Que vont devenir ces travaux portés à bout de bras par la présidence belge, maintenant que le gouvernement De Croo s’est mis en affaire courante suite aux élections fédérales belges du 9 juin ? La Hongrie, qui assurera la présidence à partir du 1er juillet, va-t-elle reprendre le flambeau ? Et qui, au Parlement français, pourra suivre ces discussions?
“Incapables de gouverner”
La Confédération européenne des syndicats, qui a participé à cette tentative de contre-réforme, estime que les coupes attendues risquent d’annuler les effets du « plan de relance et de résilience » européen lancé en 2020 et doté de plus de 800 milliards d’euros (en cours de distribution). Pour les quatre plus grands pays concernés, elles atteindraient 72,9 milliards d’euros par an pendant les premières années d’application, soit l’équivalent d’un million et demi d’enseignants, selon les syndicats.
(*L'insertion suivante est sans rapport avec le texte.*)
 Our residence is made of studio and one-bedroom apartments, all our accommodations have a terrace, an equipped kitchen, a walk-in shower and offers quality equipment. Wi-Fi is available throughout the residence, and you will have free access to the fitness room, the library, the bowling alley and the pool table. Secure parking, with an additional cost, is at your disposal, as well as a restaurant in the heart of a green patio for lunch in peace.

Emmanuel Macron, qui a tant vanté les mérites du plan de relance européen, s’est gardé de faire la publicité du revers de la médaille de ces nouveaux transferts du centre vers les Etats membres. Il était pourtant bien placé pour savoir sur quel mur budgétaire celui ou celle qui passera l’été à l’Hôtel Matignon risque de s’écraser.
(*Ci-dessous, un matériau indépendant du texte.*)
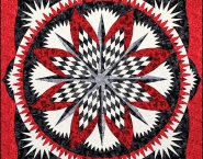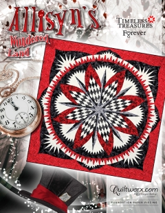 Allisyn’s Wondered Land was designed by Judy and Brad Niemeyer as part of the Sunrise Mixer series. It includes three distinct groups to create an 80” x 80” quilt. A circular center sits in the middle of the quilt with a diameter of 62”. A 4” Wide ring surrounds the center for a total increased diameter of 70”. Then, a border is added to square the quilt off at 80”. This pattern comes with a reversible coversheet! A Forever Collection version is shown on one side and a Passion Fruit version is shown on the other! Yardage is included for both on the back page and Page 30 of the Pattern. The pattern teaches many of Judy’s latest techniques for paper piecing and is fully compatible with Quiltster, meaning that you can find the layout in Quiltster and work with the program to develop your own colorway if you like. The A, B, and C groups can also be mixed and matched with other group designs in the Sunrise mixer series to make a quilt that is truly unique to you! Quiltster is available on a monthly or annual subscription basis. You can learn more about it at www.quiltster.com.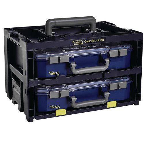 | Productnaam | CarryMore 80 Black leeg, Waterdicht: nee, Lean Management: ja, Totale hoogte: 241 mm, Totale breedte: 263 mm |

Il n’a pas pu non plus lui échapper que ceux avec qui il s’apprête à gouverner à partir du 8 juillet ont voté contre cette réforme.
Le 23 avril, au Parlement, les socialistes français, dont Raphaël Glucksman et Aurore Lalucq, s’étaient affranchis, avec quelques autres, belges et néerlandais, des consignes de leur groupe en rejetant le compromis avec le Conseil forgé en février par les rapporteurs (un conservateur allemand et une socialiste portugaise). Jordan Bardella et les autres eurodéputés du Rassemblement national, avaient aussi voté contre, à l’instar des Allemands de l’AfD, les Italiens de la Lega s’abstenant.
L’eurodéputé Renaissance Stéphanie Yon-Courtin avait alors déclaré que ceux qui s’opposaient « montraient leur irresponsabilité et faisaient la preuve qu’ils étaient incapables de gouverner ». Les mêmes, donc, auxquels le président de la République a décidé de donner le pouvoir en dissolvant l’Assemblée nationale au lendemain de la défaite de son camp aux élections européennes.
(*) Contrairement à ce qui avait été indiqué dans un premier temps, la Commission ne doit pas valider les plans nationaux pour le 30 septembre, mais les Etats membres lui soumettre leur plan pour le 20 septembre.